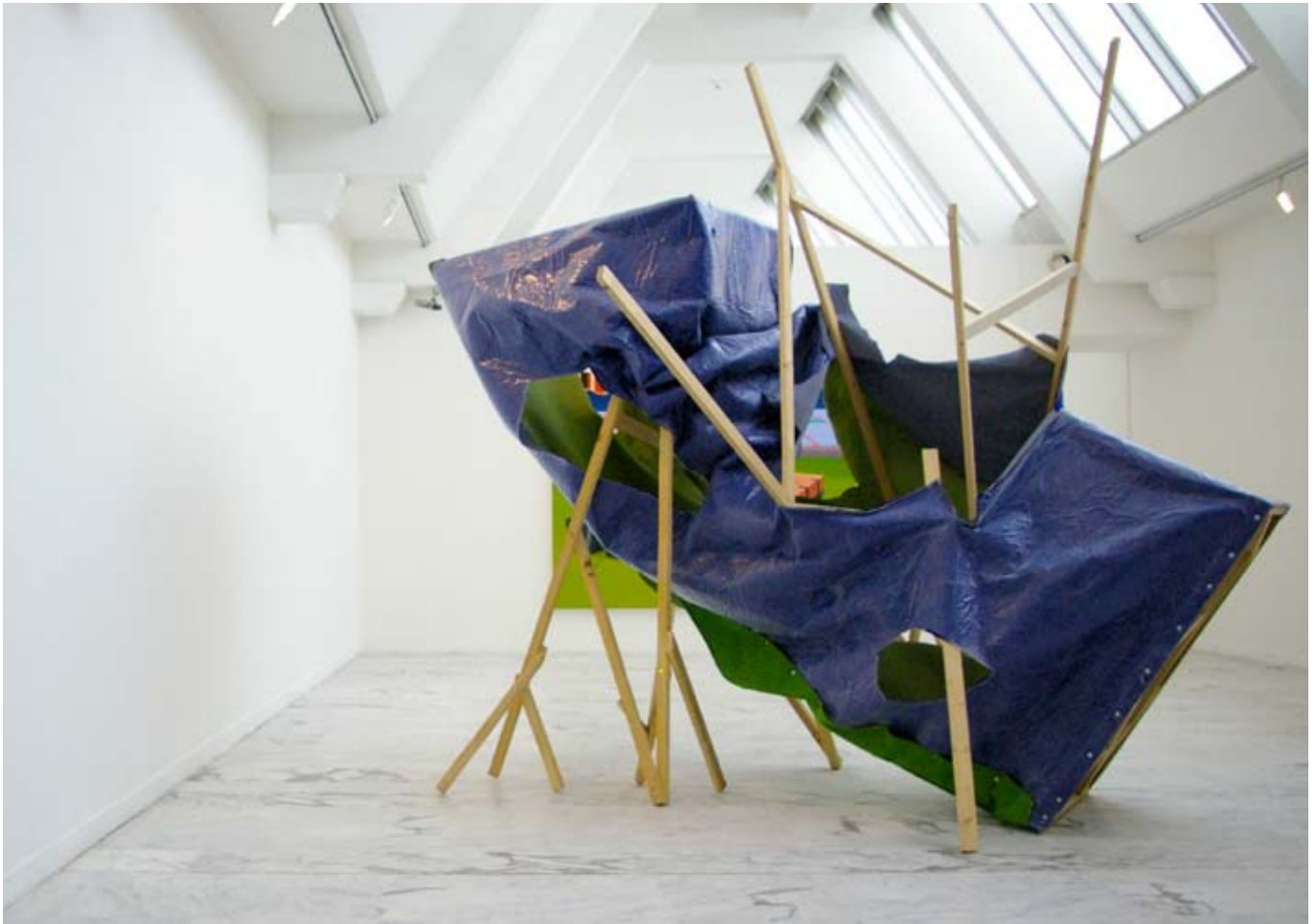
Sous la manche / 2008 / 345x180x260cm / moquette, bois, rivets, vue d'exposition Archipelique , exposition des diplômés 2008, MAC, Marseille.
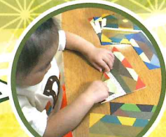
竹紙おりがみ あそび
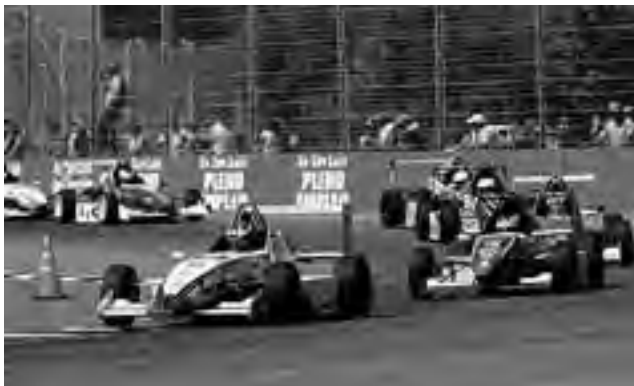
También es la 4ª fecha de la Formula Renault 2,0

VIENE DE TAPA (ver grilla completa de horarios en www.region.com.ar )
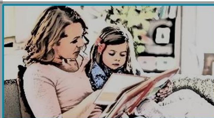
CAF N° 4

Retomamos los encuentros de este programa que invita a las familias a disfrutar con cuentos, música y actividades que estimulan la creatividad
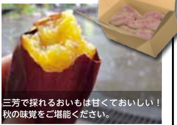
三芳で採れるおいもは甘くておいしい！秋の味覚をご堪能ください。

【お店から】三富新田の特産品をそろえた農家ショップです。秋からは富の川越いもを販売しています。今月のプレゼント協力は江戸屋弘東園さん。いものようかん「富のうまかろう」などオリジナル商品が人気です。
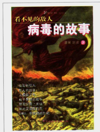
《病毒的故事》潘锋 赵彦 著
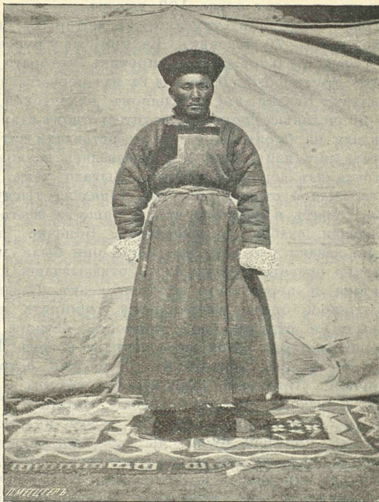
Рис. 1. Буряты.
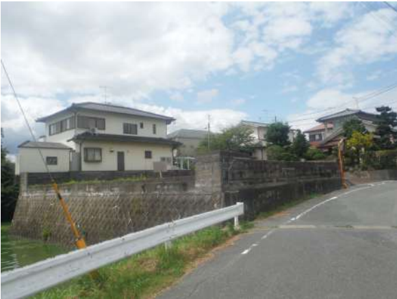
【前面道路含む現地写真】北側前面道路含む土地外観
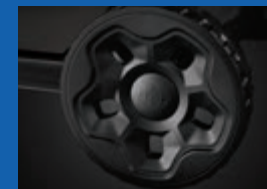
Roues robustes et tout-terrain
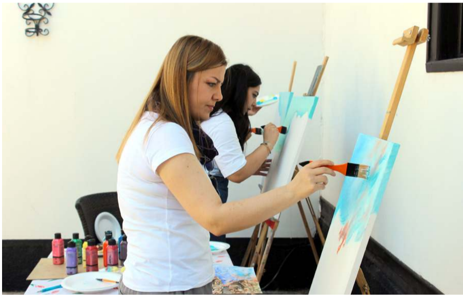
Etkinliğe 21 ressam katılıyor.
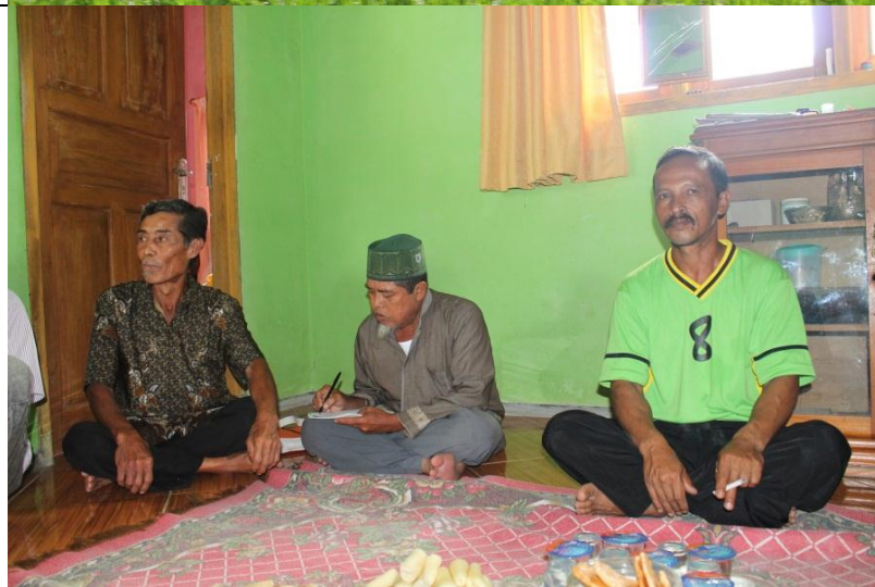
Pelatihan Pertanian Organik di Sumedang, Januari 2015
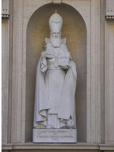
Au Vatican, la statue en marbre de 26 tonnes de Grégoire l'Illuminateur est placée le long de la façade nord de la Basilique Saint Pierre – Basilica a Sancti Petri – à proximité notable de l'entrée principale.
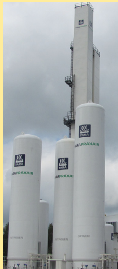
Yara Praxairs nya luftgasfabrik i Perstorp

begränsas till industriparken. Syre underhåller och påskyndar förbränning av brännbara material och risk kan således föreligga vid förhöjda syrehalter i kombination med brännbart material och gnistbildning. Extremt höga krav på renhet finns dock inom luftgasfabriken och närvaron av brännbara material är minimal. Ett flertal processtekniska åtgärder och säkerhetsventiler förhindrar skador från övertryck. All utrustning i fabriken som kommer i kontakt med låga temperaturer är tillverkad i härför anpassade material. Detaljerade riskanalyser har genomförts och lämpliga åtgärder vidtagits för att förebygga risker för omgivningen. I och med hanteringen av syrgas, så tillhör luftgasfabriken den högre kravnivån inom lagstiftningen om allvarliga kemikalieolyckor.

────────────────────────────────────────

§ **Directions for this task**
Reproduce, word for word, everything in the listing above from the line containing "Рис. 1. Буряты." down to the line containing "Yara Praxairs nya luftgasfabrik i Perstorp", both of them included. No pictures.

§ **Response for this exercise**
Рис. 1. Буряты.
【前面道路含む現地写真】北側前面道路含む土地外観
Roues robustes et tout-terrain
Etkinliğe 21 ressam katılıyor.
Pelatihan Pertanian Organik di Sumedang, Januari 2015
Au Vatican, la statue en marbre de 26 tonnes de Grégoire l'Illuminateur est placée le long de la façade nord de la Basilique Saint Pierre – Basilica a Sancti Petri – à proximité notable de l'entrée principale.
Yara Praxairs nya luftgasfabrik i Perstorp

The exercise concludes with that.